Let [t] be the greatest integer less than or equal to t. Then the least value of $$p \in N$$ for which $$\lim_{x\rightarrow 0^{+}}\left(x([\frac{1}{x}]+[\frac{2}{x}]+...+[\frac{p}{x}])-x^{2}([\frac{1}{x^{2}}]+[\frac{2^{2}}{x^{2}}]+...+[\frac{9^{2}}{x^{2}}])\right) \geq 1$$ is equal to_______.

We use the identity $$[t] = t - \{t\}$$, where $$\{t\}$$ denotes the fractional part of $$t$$.

Evaluating the first sum:

$$x \sum_{k=1}^{p} \left[\frac{k}{x}\right] = x \sum_{k=1}^{p} \left(\frac{k}{x} - \left\{\frac{k}{x}\right\}\right) = \sum_{k=1}^{p} k - x \sum_{k=1}^{p} \left\{\frac{k}{x}\right\}$$

$$= \frac{p(p+1)}{2} - x \sum_{k=1}^{p} \left\{\frac{k}{x}\right\}$$

As $$x \to 0^+$$, since $$0 \leq \{t\} < 1$$ for all $$t$$, we have $$0 \leq x \sum_{k=1}^{p} \left\{\frac{k}{x}\right\} < px$$.

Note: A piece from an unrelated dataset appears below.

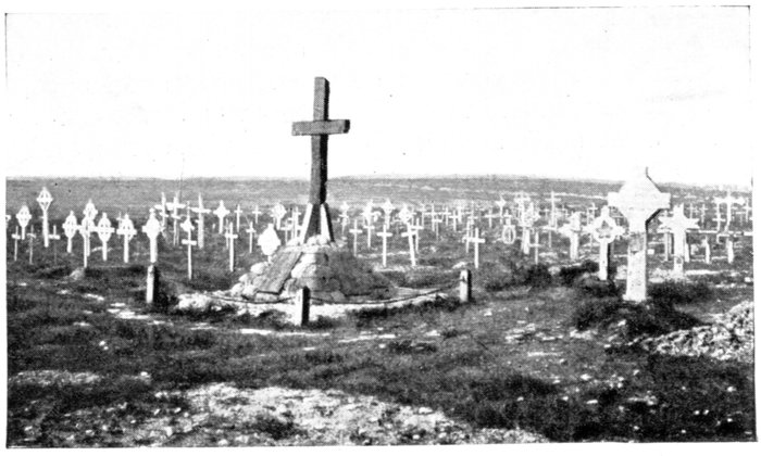 At the crossing of several roads, 3 km. beyond Lihons, take the newly-made road on the right to Herleville. The large French "Camp des Chasseurs" cemetery (photo below) is on the left, about 1 km. this side of the village of Herleville (completely devastated), which is next reached.
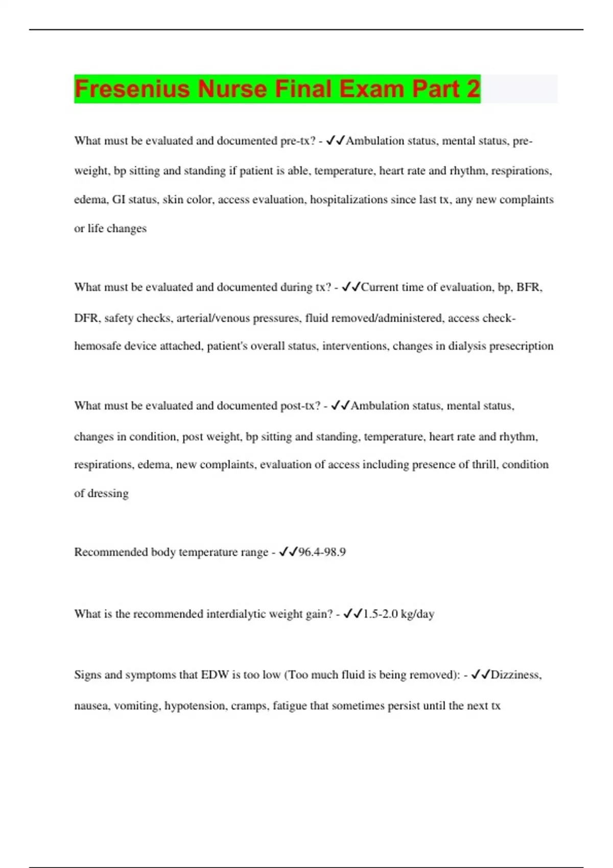 What must be evaluated and documented pre-tx? - Ambulation status, mental status, preweight, bp sitting and standing if patient is able, temperature, heart rate and rhythm, respirations, edema, GI status, skin color, access evaluation, hospitalizations since last tx, any new complaints or life changes What must be evaluated and documented during tx? - Current time of evaluation, bp, BFR, DFR, safety checks, arterial/venous pressures, fluid removed/administered, access checkhemosafe device attached, patient's overall status, interventions, changes in dialysis presecription What must be evaluated and documented post-tx? - Ambulation status, mental status, changes in condition, post weight, bp sitting and standing, temperature, heart rate and rhythm, respirations, edema, new complaints, evaluation of access including presence of thrill, condition of dressing Recommended body temperature range - 96.4-98.9 What is the recommended interdialytic weight gain? - 1.5-2.0 kg/day Signs and symptoms that EDW is too low (Too much fluid is being removed): - Dizziness, nausea, vomiting, hypotension, cramps, fatigue that sometimes persist until the next tx

Therefore $$\lim_{x \to 0^+} x \sum_{k=1}^{p} \left\{\frac{k}{x}\right\} = 0$$.

So the first part gives: $$\lim_{x \to 0^+} x \sum_{k=1}^{p} \left[\frac{k}{x}\right] = \frac{p(p+1)}{2}$$

Evaluating the second sum:

$$x^2 \sum_{k=1}^{9} \left[\frac{k^2}{x^2}\right] = x^2 \sum_{k=1}^{9} \left(\frac{k^2}{x^2} - \left\{\frac{k^2}{x^2}\right\}\right) = \sum_{k=1}^{9} k^2 - x^2 \sum_{k=1}^{9} \left\{\frac{k^2}{x^2}\right\}$$

Similarly, $$0 \leq x^2 \sum_{k=1}^{9} \left\{\frac{k^2}{x^2}\right\} < 9x^2 \to 0$$ as $$x \to 0^+$$.

So: $$\lim_{x \to 0^+} x^2 \sum_{k=1}^{9} \left[\frac{k^2}{x^2}\right] = \sum_{k=1}^{9} k^2 = \frac{9 \times 10 \times 19}{6} = 285$$

Combining:

The limit becomes: $$\frac{p(p+1)}{2} - 285 \geq 1$$

$$\frac{p(p+1)}{2} \geq 286$$

$$p(p+1) \geq 572$$

We check values: $$23 \times 24 = 552 < 572$$ and $$24 \times 25 = 600 \geq 572$$.

The least value of $$p \in \mathbb{N}$$ satisfying this inequality is $$p = 24$$.